On yesterday's SIG meeting I briefly talked about why I would like to extend the existing API with watch capability. Let me repeat that to provide context for anyone who didn't attend the meeting.
One of the main consumers of Resource Metrics API is HPA, which scales Deployments based on CPU usage. This means that scaling operation happens in reaction to CPU utilization signal, e.g. ingress traffic increased and we already have highly utilized Pods. This model doesn't allow us to predict anything - one has to provide other source of data (i.e. Custom Metrics), to know beforehand that scale-up operation needs to happen.
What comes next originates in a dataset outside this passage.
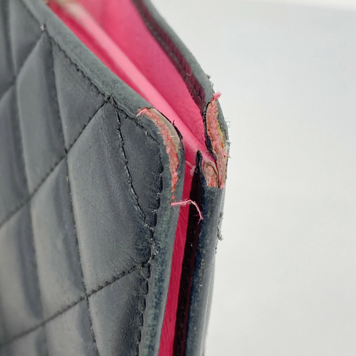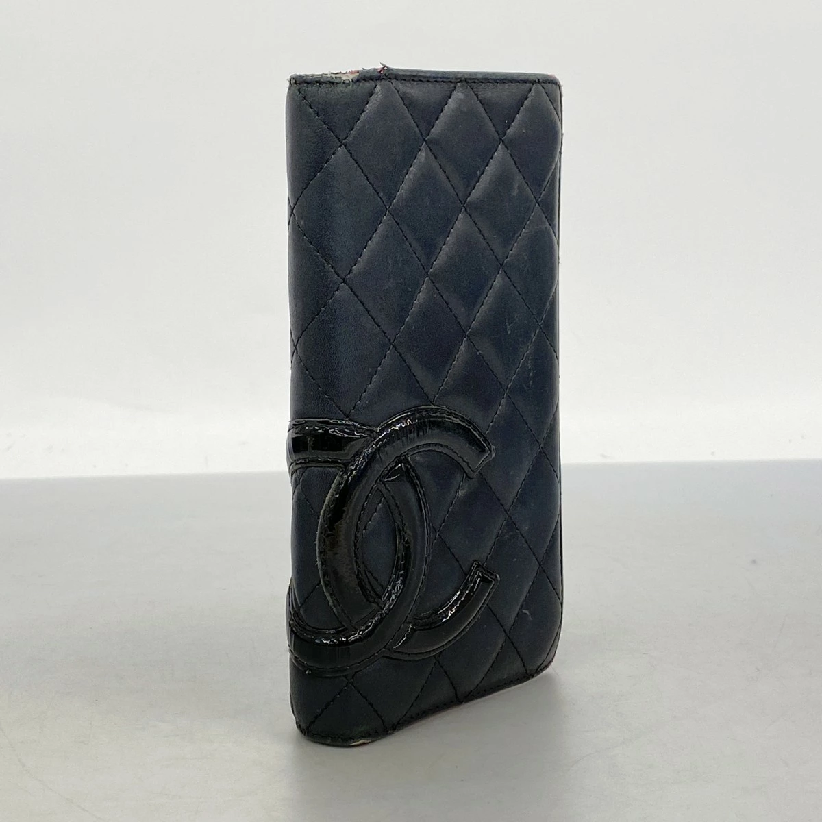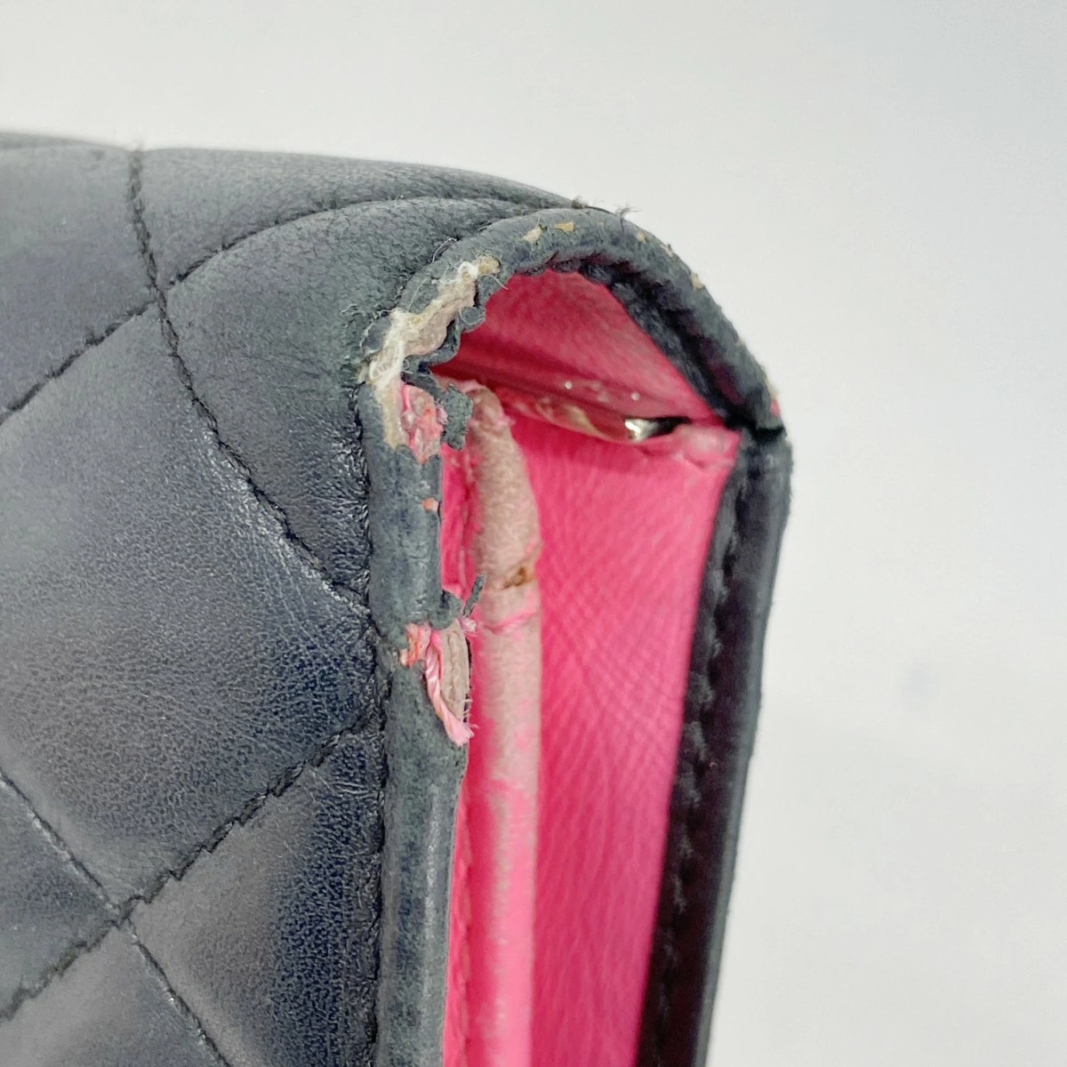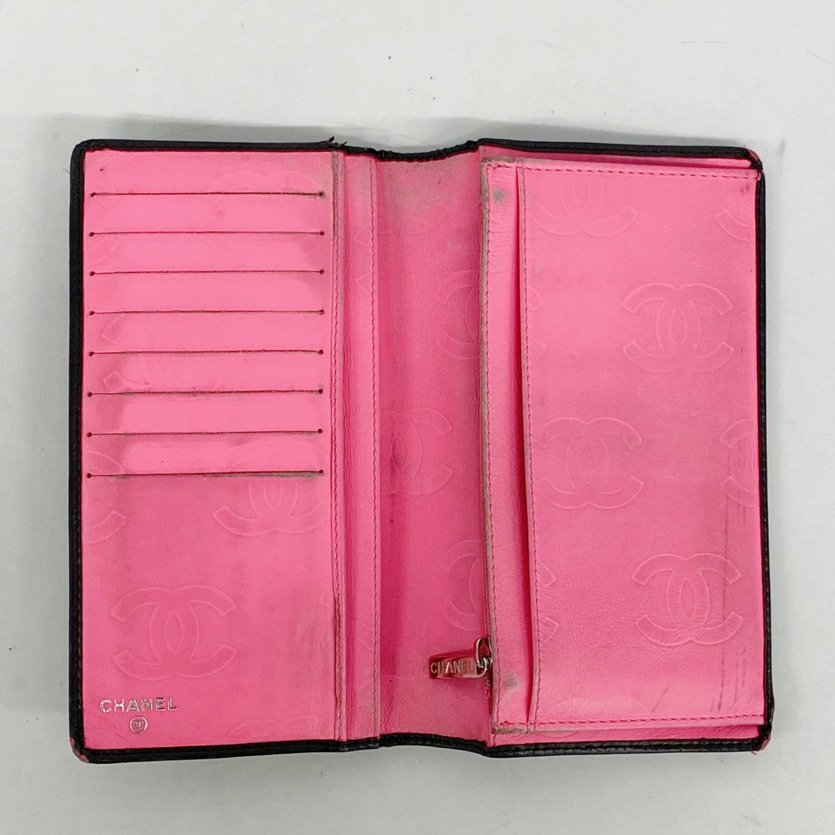 【5od3538】シャネル 長財布 カンボン ラムスキン ブラック シルバー金具【中古】レディース
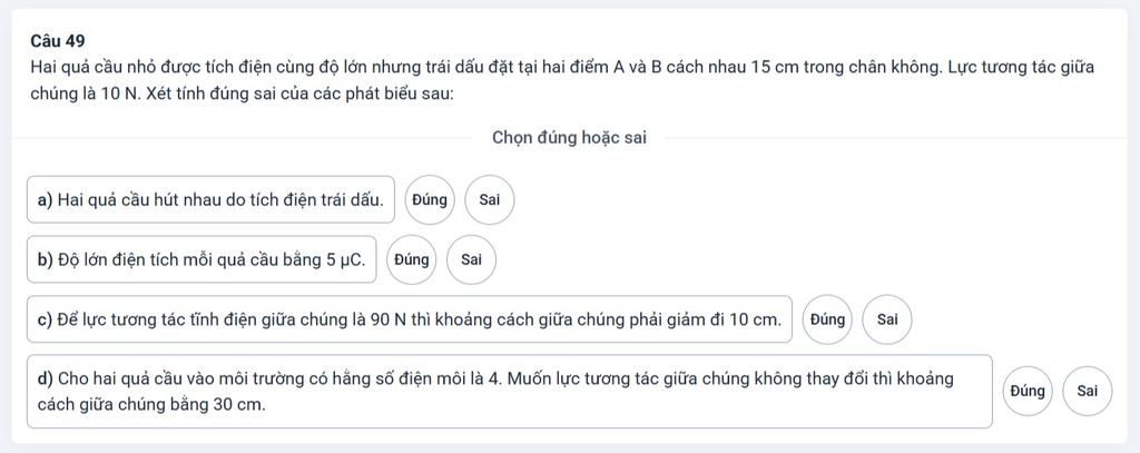 Lực tương tác giữa chúng không thay đổi khi `F_1=F_2`

However, as the name suggests, these metrics are custom, which means that something else - CPU usage - is used for scaling by default. Now, in order to be able to scale efficiently, the information about CPU usage increase should be delivered to HPA as soon as possible. This is hard to achieve in the current model, where any metrics client has to actively poll Metrics Server for fresh data, busy-waiting for metrics update.
What we could do instead is to provide a watch mechanism in Resource Metrics API, allowing Metrics Server to notify its clients that a new batch of data was collected.
One concern I heard on the meeting was that not every metrics provider exposes a streaming API. This indeed may be a concern for Custom Metrics, but as far as I understand, CPU usage is coming from Resource Metrics API, which is backed only by Metrics Server today. Moreover, even if there was another implementation based on some external metrics provider (e.g. Stackdriver) without a streaming API support, it could be simulated by the custom implementation, effectively moving the busy waiting loop from all the clients to a single place on the server.
I would like to prepare a KEP for this extension of Resource Metrics API. Let me know what are your thoughts on this.
Cheers
Daniel